Please return, exactly and only, the lines beginning at the top of the entries below and ending with the line containing "Az eddig is"; keep out the pictures.

----------------

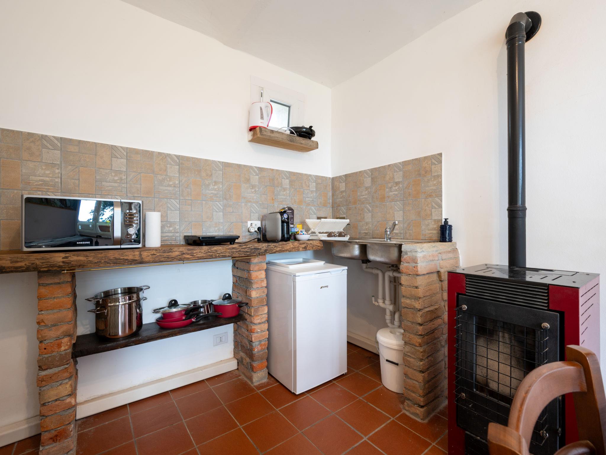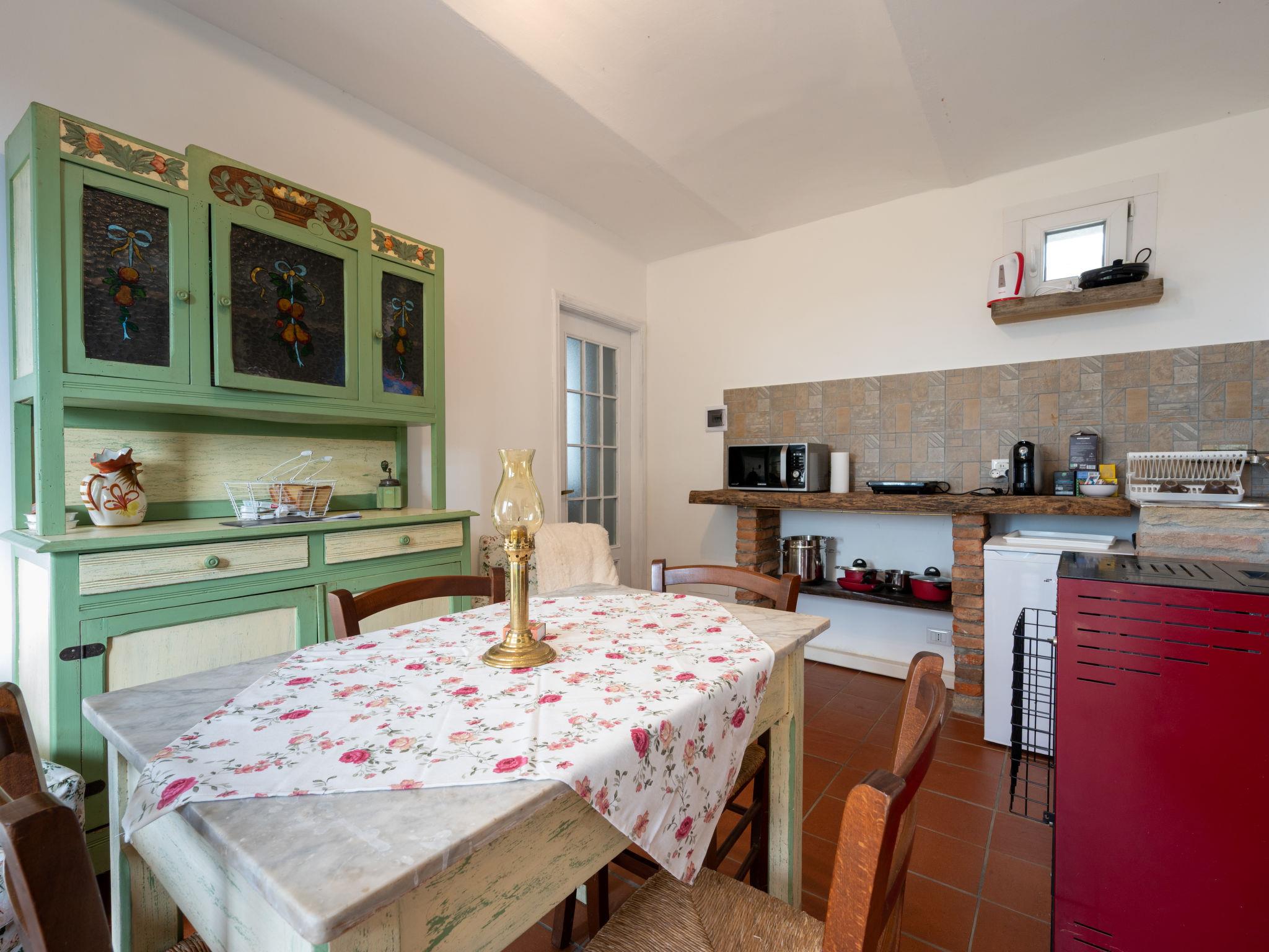 "Casetta di Agnese", 2-room house 40 m2. Rustic and cosy furnishings: 1 double bedroom. Kitchen-/living room (2 induction hot plates, toaster, kettle, microwave, electric coffee machine) with Scandinavian wood stove and TV. Exit to the garden. Shower/WC. Heating, air-conditioning. Heating available only from 01.10. to 15.04. Natural stone floors. Large terrace 20 m2, large patio. Terrace furniture, barbecue (portable), deck chairs (2). Beautiful panoramic view of the countryside. Facilities: baby cot for up to 2 year olds. Internet (WiFi, free). Parking, garage on the property. E-charging station. Please note: maximum 1 pet/ dog allowed. Smoke alarm, fire extinguisher. IT005097C2ENGPH87D
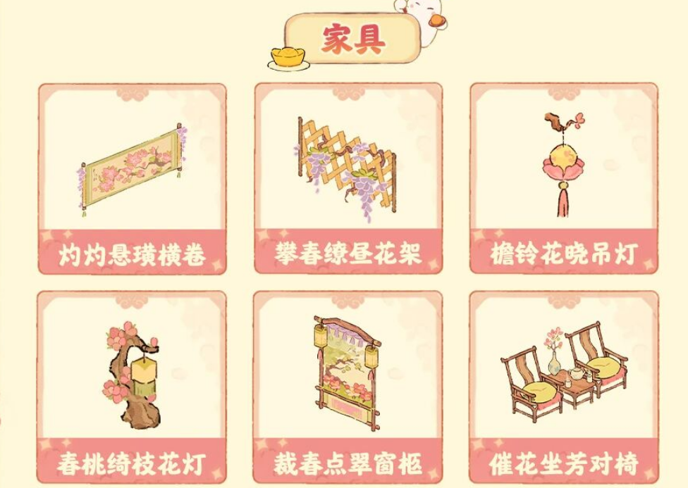 可获得的家具有:灼灼悬璜横卷、攀春缭昼花架、檐铃花晓吊灯、春桃绮枝花灯、裁春点翠窗柩、催花坐芳对椅、清颜怜芳花架、绒蕊花惜软垫、桃醉春浓盆栽、茜桃红露花篮、云攒蛱蝶花瓶、绮绣花信小凳、栖春画翠叠柜、绽妍抛春楼屏、明挽绡帐屏门、绾春渡叶屏风、桃醉藤麻长毯。
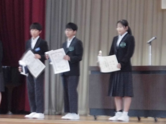 テニスの大会で入賞した生徒と書き初めで中日新聞社の理事長賞を受賞した生徒の表彰がありました。
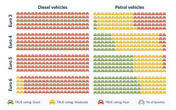Az eddig is sejthető volt – az ICCT statisztikája csak megerősíti ezt – hogy a régebbi dízelmotoros autók nitrogén-oxid-kibocsátás tekintetében csak a kötelező normát teljesítik a kötelező mérési ciklusban, de a valóságban a határérték többszörösét ereszthetik a levegőbe. Erre egyrészt korábban maga a Euro6 norma is lehetőséget adott, például a motor élettartamának drasztikus csökkenését elkerülendő, másrészt a szabvány mérési ciklus sem tükrözte a valós viszonyokat.
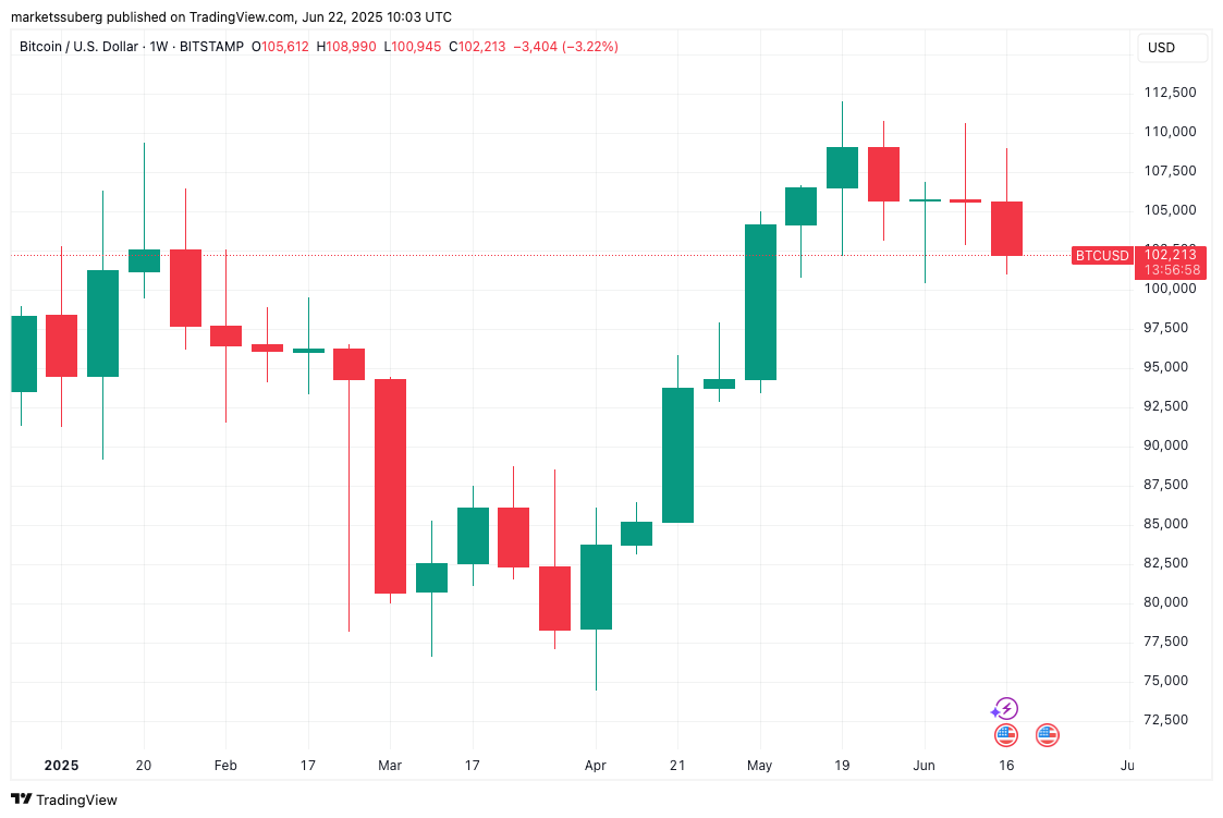 Bitcoin (BTC) risked new month-to-date lows into the June 22 weekly close as geopolitical threats soured crypto sentiment.
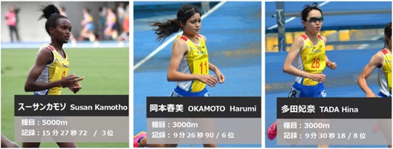 また、女子5000m に出場のスーサン・カモソ選手が3 位、女子3000m 出場の岡本春美選手、多田妃奈選手がそれぞれ6 位、8 位入賞と健闘いたしました。
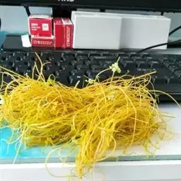 6.穿线的时候要穿两层,能更好地起到固定作用不让蒜苗长歪。

----------------

WORKED SOLUTION:
 "Casetta di Agnese", 2-room house 40 m2. Rustic and cosy furnishings: 1 double bedroom. Kitchen-/living room (2 induction hot plates, toaster, kettle, microwave, electric coffee machine) with Scandinavian wood stove and TV. Exit to the garden. Shower/WC. Heating, air-conditioning. Heating available only from 01.10. to 15.04. Natural stone floors. Large terrace 20 m2, large patio. Terrace furniture, barbecue (portable), deck chairs (2). Beautiful panoramic view of the countryside. Facilities: baby cot for up to 2 year olds. Internet (WiFi, free). Parking, garage on the property. E-charging station. Please note: maximum 1 pet/ dog allowed. Smoke alarm, fire extinguisher. IT005097C2ENGPH87D
 可获得的家具有:灼灼悬璜横卷、攀春缭昼花架、檐铃花晓吊灯、春桃绮枝花灯、裁春点翠窗柩、催花坐芳对椅、清颜怜芳花架、绒蕊花惜软垫、桃醉春浓盆栽、茜桃红露花篮、云攒蛱蝶花瓶、绮绣花信小凳、栖春画翠叠柜、绽妍抛春楼屏、明挽绡帐屏门、绾春渡叶屏风、桃醉藤麻长毯。
 テニスの大会で入賞した生徒と書き初めで中日新聞社の理事長賞を受賞した生徒の表彰がありました。
Az eddig is sejthető volt – az ICCT statisztikája csak megerősíti ezt – hogy a régebbi dízelmotoros autók nitrogén-oxid-kibocsátás tekintetében csak a kötelező normát teljesítik a kötelező mérési ciklusban, de a valóságban a határérték többszörösét ereszthetik a levegőbe. Erre egyrészt korábban maga a Euro6 norma is lehetőséget adott, például a motor élettartamának drasztikus csökkenését elkerülendő, másrészt a szabvány mérési ciklus sem tükrözte a valós viszonyokat.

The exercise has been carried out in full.